Many incomplete segments, what is it even returning? predicted_text referenced before assignment. #71

Closed SuppliedOrange closed 3 months ago

SuppliedOrange commented 4 months ago

Error:

  File "C:\Users\Dhruv\Desktop\py\AudioProcessorWhisper\whisper_mic_test.py", line 5, in <module>
    result = mic.listen()
  File "C:\Users\Dhruv\AppData\Local\Programs\Python\Python310\lib\site-packages\whisper_mic\whisper_mic.py", line 215, in listen
    self.__listen_handler(timeout, phrase_time_limit)
  File "C:\Users\Dhruv\AppData\Local\Programs\Python\Python310\lib\site-packages\whisper_mic\whisper_mic.py", line 132, in __listen_handler
    self.__transcribe(data=audio_data)
  File "C:\Users\Dhruv\AppData\Local\Programs\Python\Python310\lib\site-packages\whisper_mic\whisper_mic.py", line 184, in __transcribe
    if predicted_text not in self.banned_results:
UnboundLocalError: local variable 'predicted_text' referenced before assignment

Code:

from whisper_mic import WhisperMic

mic = WhisperMic( mic_index=2, save_file=True, english=True )

result = mic.listen()
print(result)

I solved it with this:

    def __transcribe(self,data=None, realtime: bool = False) -> None:
        if data is None:
            audio_data = self.__get_all_audio()
        else:
            audio_data = data
        audio_data,is_audio_loud_enough = self.__preprocess(audio_data)

        if is_audio_loud_enough:
            # faster_whisper returns an iterable object rather than a string
            predicted_text = '' # I MOVED THIS HERE, ON TOP <-------

            if self.faster:
                segments, info = self.audio_model.transcribe(audio_data)
                for segment in segments:
                    predicted_text += segment.text
            else:
                if self.english:
                    result = self.audio_model.transcribe(audio_data,language='english',suppress_tokens="") # This is what i need but it doesnt return?
                else:
                    result = self.audio_model.transcribe(audio_data,suppress_tokens="")
                    predicted_text = result["text"]

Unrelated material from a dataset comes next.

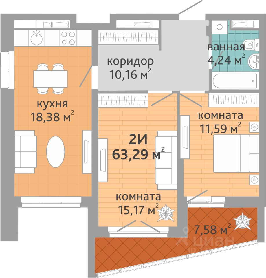 Продаётся 2-комнатная квартира в сданном доме (Коперника, 33), срок сдачи: III-кв. 2025, общей площадью 63.29 кв.м., на 20 этаже. Новый жилой дом от застройщика "СЗ Дельа-Групп" расположен по адресу: г. Екатеринбург, улица Викулова (дублёр).

            if not self.verbose:
                if predicted_text not in self.banned_results:
                    self.result_queue.put_nowait(predicted_text)
            else:
                if predicted_text not in self.banned_results:
                    self.result_queue.put_nowait(result)

            print('predicted_text ' + predicted_text)

            if self.save_file:
                # os.remove(audio_data)
                self.file.write(predicted_text)

I decided to modify the code to actually return something and put something in the predicted text.

mallorbc commented 4 months ago

The code is already like this though? https://github.com/mallorbc/whisper_mic/blob/d813c0f16b455b1495d22b83dc0787dae65d8c5d/whisper_mic/whisper_mic.py#L169-L193

Perhaps I neglected to push a new release with this? I will look into in when I get some time

mallorbc commented 4 months ago

With regards to how to get the text back, the result is being written to a queue. You get the result from pulling from the queue.

SuppliedOrange commented 4 months ago

I installed this from pip, so yeah probably. Sorry if my post came off as a little rude, I just re-read it. I hope it gets fixed!

mallorbc commented 4 months ago

I installed this from pip, so yeah probably. Sorry if my post came off as a little rude, I just re-read it. I hope it gets fixed!

I did not find it rude. Thanks for bringing it to my attention! People like you help make Open Source better!

mallorbc commented 3 months ago

This should be fixed. Please let me know if it is not